And if, like me, you don’t go to MWC, that’s the right time to get your version of the MIPI IP survey, the 3[SUP]rd[/SUP] version since the first launch in 2010, because IPNEST will give you a good reason to buy it during MWC: you will get it at a lower price. That will apply now and during the event, but only from today, and up to the 3[SUP]rd[/SUP] of March… But let’s have a look at the latest status about MIPI. MIPI is hot, MIPI is coming to the mainstream, don’t miss it!
MIPI follows the trends in the Electronic industry: the massive move from parallel to serial interconnect, as illustrated by PCI Express replacing PCI, SATA replacing PATA, HDMI or DisplayPort replacing LVDS based interconnect to Display material (computer screen or HDTV) etc… Using similar technologies in Mobile Devices is a natural move, but a specific attention has been taken to power consumption. MIPI has been specifically designed for portable electronic devices, battery powered, and lowering the power consumption is a key feature.
MIPI’s defined charter focusing on mobile platforms defines the markets addressed by the standards and the target products for those standards. That market is mobile handsets, from basic low-end, full-featured phones, to Smartphone. Since 2009, the MIPI alliance has decided to promote MIPI use in every kind of mobile Application, like Mobile Internet Devices (MID) and Media Tablet in the PC segment, or Handheld game console, Digital still camera and potentially all portable system in the Consumer Electronic segment.
In this survey, we have started to look at the MIPI use in the Mobile Handset segment and first derive a forecast in term of Integrated Circuits (IC) because we think that the more widely MIPI will be used in chips in production, the more stable and easier to manage the protocol will be. When more IC is in production means more efficient –and cheaper- test program, leading to a null or marginal impact on yield.

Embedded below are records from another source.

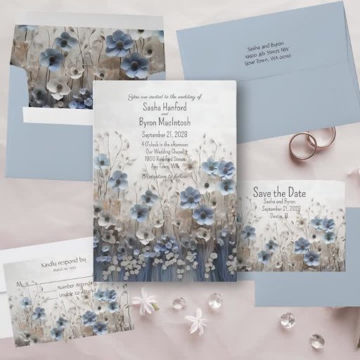 3D Blue Flower Garden Mother of the Bride Accessory Pouch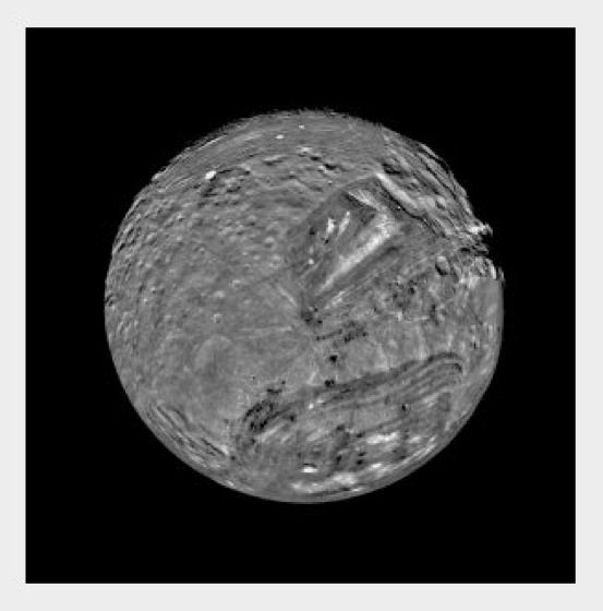 Uranusmonde: Der 490 km große Uranusmond Miranda, aufgenommen mit Voyager 2. Die Oberfläche ist von tiefen Gräben und schroffen Abhängen überzogen. Sie entstanden möglicherweise in Folge eines oder mehrerer Zusammenstöße mit großen Planetoiden. (Photo: NASA)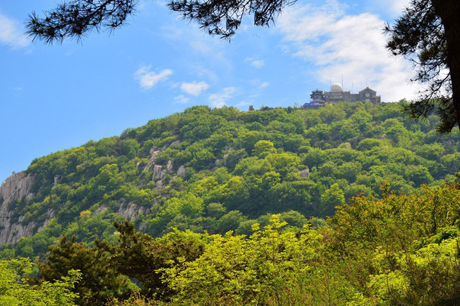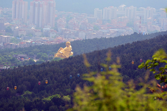 望岳亭处看到的千佛山索道及大佛头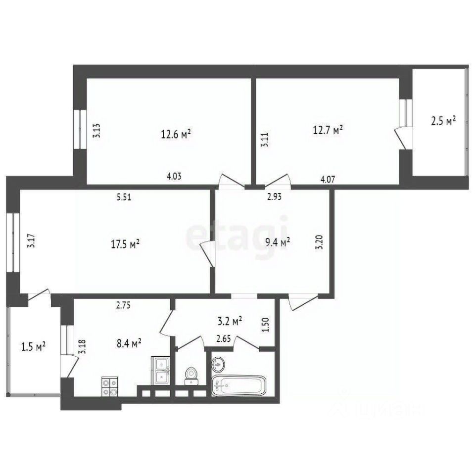 Общая площадь квартиры составляет 68,2 м², что позволяет с легкостью разместить вашу семью. Просторная кухня площадью 12,3 м² станет отличным местом для кулинарных экспериментов и семейных ужинов. Три раздельные комнаты обеспечивают максимальный комфорт и приватность для каждого члена семьи. Раздельный санузел и два уютных застекленных балкона добавляют удобства и функциональности.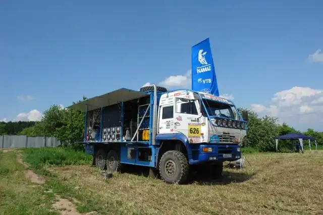 Автомобиль сопровождения. В «техничке» есть все необходимое: душ, спальные места и кухня.Характеристики КАМАЗ 635050
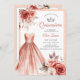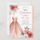 Invitación Vestido de Quinceañera Floral Rosa Dorado con Bril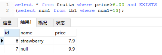 例2:查询tb1表中是否存在num1=13的记录,若存在,则查询fruits表中price大于6.00的记录。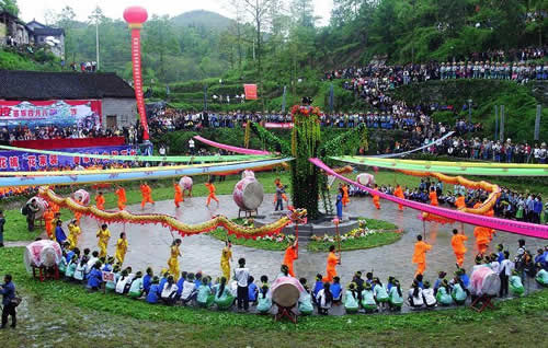 鮮麗奪目的苗族服飾,情調別致的攔門酒,風格獨特的卡鼓、攔路歌、邊邊場,會使你耳目一新,如癡如醉;還有傳統(tǒng)節(jié)日"四月八"的跳月跳花,"六月六"的山歌對唱,又會使您心動神搖,嘆為觀止。
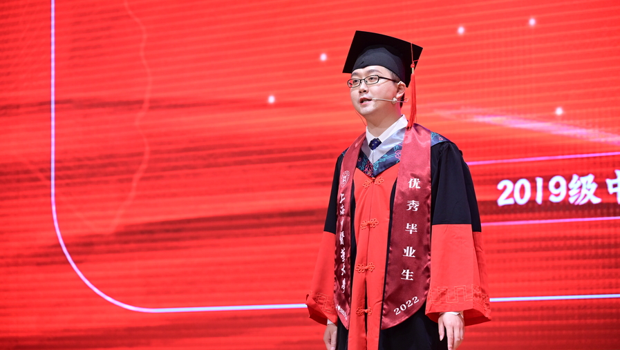 “阳光洒遍青翠的杏林,我们相聚在浦江之滨,努力弘扬中华的瑰宝,为人类托起浓浓的绿荫……”校歌声中,beat365官方网站2022届毕业典礼今天(29日)送别1956名本专科生、研究生。他们中,来自创新中药研究院的博士研究生俞少鹏,走上图书馆报告厅主会场的讲台向师友临别赠言。

More identical IC in production also means cheaper production cost and consequently a lower Average Selling Price (ASP).
Such a virtuous cycle is expected to lead to a wider adoption for MIPI technology. When MIPI was introduced and started to be used in the high end of the wireless handset segment, most of the early adopters had both the knowhow and the resource needed to develop the solution internally (or enough money to use design service) instead of sourcing MIPI externally as a standard IP. They probably also prefer at that time not to depend to external sourcing for a function to be integrated into strategic IC like Application Processor, or Camera Controller whatever is their core business. This was the first phase for MIPI, being considered as an emerging technology, which also means more expansive to integrate, and more risky.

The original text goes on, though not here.